The common cause of CRAO is an embolus lodging in the central retinal artery. The actual position of the embolus is difficult to determine. It may be immediately posterior to the lamina cribrosa5 or more posterior.8 In our study, pressing the central retinal artery in the optic nerve head with a probe or retrobulbarly with a sclera depressor led to deformation and bending of the blood vessel wall. The vessel wall of the retinal artery is elastic, therefore, slight deformation and bending may not cause any damage to the vessel wall. The emboli were made of cholesterol in 74%, calcified material in 10.5%, and platelet-fibrin in 15.5%.9 The emboli may be less flexible and more fragile in comparison with the wall of the retinal arteries, so during the mechanical movement of the vessels induced by the probe, the embolus may be broken into smaller pieces and then be dislodged. During the operation, emboli were seen dislodged and moving downstream with immediate restoration of retinal circulation after the direct central retinal artery massage in four of our cases, indicating that mechanical movement may be effective to dislodge the embolus. In the other four cases, no embolus was seen during the operation, but the retinal circulation improved 24–48 h postoperatively. This may be because the emboli were more adherent to the vessel wall or less fragile, which made it more difficult to be dislodged immediately. However, the direct retinal artery massage may had loosened the embolus and made it readily dislodged or absorbed gradually, so 24–48 h after operation, retinal circulation restored. For two cases, circulation did not recover, this may be due to that the position of the emboli was further posterior to the optic nerve head or there was no embolus at all.

The diameter of the probe was 0.1 mm, similar to the diameter of the central retinal artery (Figure 2). It was advanced into the optic nerve head in a parallel direction to the optic nerve fiber, and was pressed directly upon the blood vessel wall, so it may cause little damage to the optic nerve. One day after operation, there was only slight staining at the operation sites on FFA, and most patients had an increased visual acuity during follow-up study (Figure 4). This indicated that the operation caused no or negligible damage to both the central retinal artery and the optic nerve. Only one patient developed central retinal vein occlusion 5 days after operation. This may be due to damage of the central retinal vein during the operation. As retinal circulation did not recover in this case during follow-up study, slow blood flow in the vein might gradually caused thrombus formation at the site of injury, and finally resulted in central retinal vein occlusion. This indicated that the operation had a potential risk of central retinal vein injury.

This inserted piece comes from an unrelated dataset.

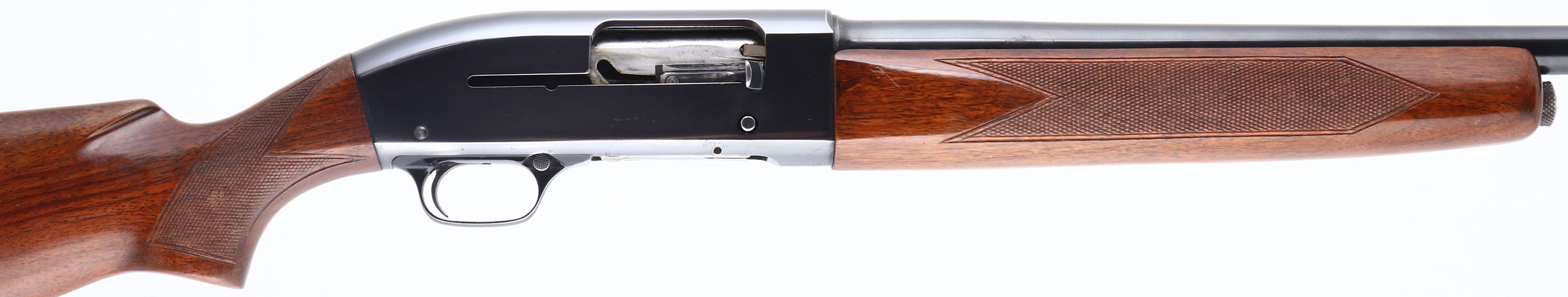 Winchester Model 50, CAL: 12 GA, MFG: 1956, SN: 59165, Semi-Auto Shotgun. Choke: F, 30'' barrel. The original checkered & flat pistol grip wood stocks are very good. They display a few minor nicks, dings & flaking to the original finish. The original metal blue finish rates 90% on barrel, 85% on receiver. Bore is very good. The barrel holds a single front bead. Buttstock carries a Winchester plastic buttplate. LOP: 14''. FFL or C&R Req. - Value: 250 to 500

Visual acuity improved by three or more lines in 6 out of 10 cases (60%). Forty percent of our patients had a final visual acuity of 20/200 or better (Table 1). The visual outcome was better than that of conservative forms of treatment or natural course of the disease.1 Our study showed that vitreous surgery with direct central retinal artery massage was relatively safe and may be effective in restoring blood circulation in patients with CRAO and improving the visual prognosis. Limitations of our study included: noncomparative nature, limited number of patients, and delayed treatment due to patient referral. A randomized controlled trial is necessary to prove the effectiveness of the treatment.